**Exercise requirements:** Copy exactly the lines from the one containing "12月25日,突尼斯卡塞林,抗议者与警察发生冲突。图片来源:视觉中国" through the last line of the records below, both included, and leave out the pictures.
Content starts
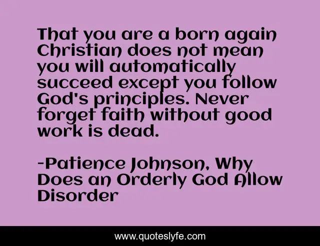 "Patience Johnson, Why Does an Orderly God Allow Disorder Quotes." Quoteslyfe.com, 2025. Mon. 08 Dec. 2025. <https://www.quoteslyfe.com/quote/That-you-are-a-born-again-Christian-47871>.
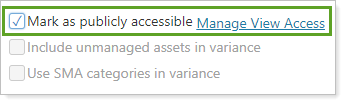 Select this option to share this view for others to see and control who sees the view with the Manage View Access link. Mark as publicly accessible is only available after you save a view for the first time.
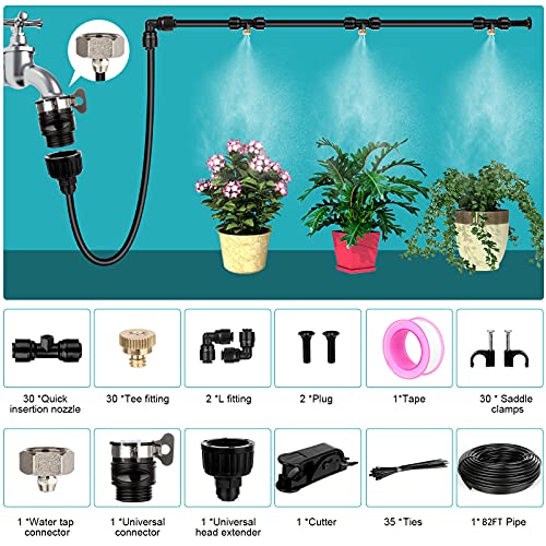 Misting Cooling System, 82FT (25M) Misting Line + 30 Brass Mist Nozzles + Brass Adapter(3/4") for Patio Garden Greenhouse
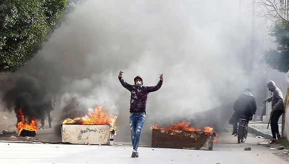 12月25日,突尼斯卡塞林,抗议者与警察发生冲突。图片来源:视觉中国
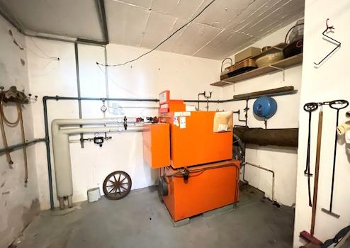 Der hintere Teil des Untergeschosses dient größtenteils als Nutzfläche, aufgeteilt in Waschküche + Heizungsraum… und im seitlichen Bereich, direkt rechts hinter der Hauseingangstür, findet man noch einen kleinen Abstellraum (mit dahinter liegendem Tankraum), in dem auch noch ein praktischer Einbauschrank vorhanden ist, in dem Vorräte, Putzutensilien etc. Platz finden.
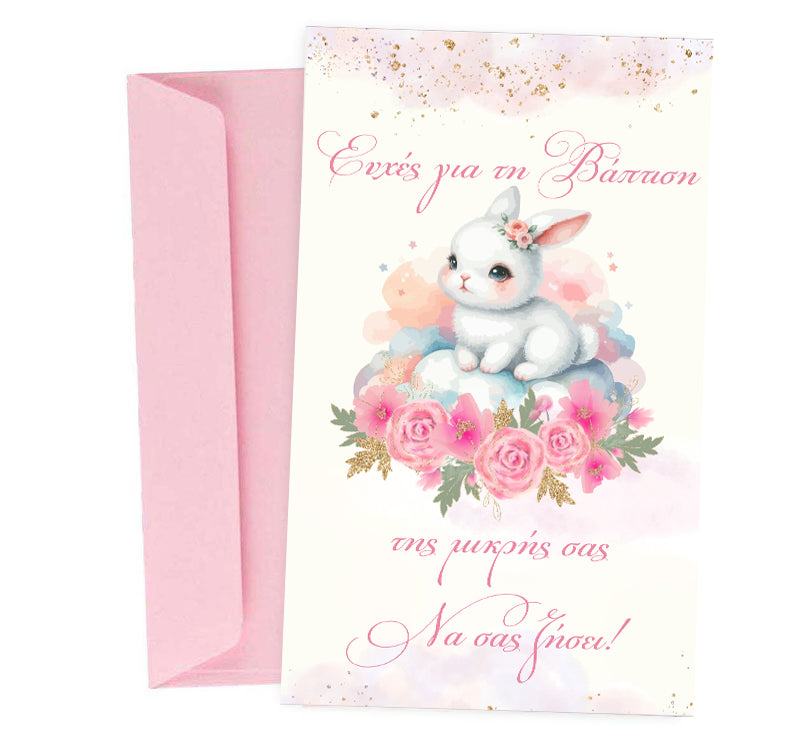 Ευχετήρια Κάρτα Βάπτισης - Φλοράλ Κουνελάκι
Content ends
**Result for this task:**
 12月25日,突尼斯卡塞林,抗议者与警察发生冲突。图片来源:视觉中国
 Der hintere Teil des Untergeschosses dient größtenteils als Nutzfläche, aufgeteilt in Waschküche + Heizungsraum… und im seitlichen Bereich, direkt rechts hinter der Hauseingangstür, findet man noch einen kleinen Abstellraum (mit dahinter liegendem Tankraum), in dem auch noch ein praktischer Einbauschrank vorhanden ist, in dem Vorräte, Putzutensilien etc. Platz finden.
 Ευχετήρια Κάρτα Βάπτισης - Φλοράλ Κουνελάκι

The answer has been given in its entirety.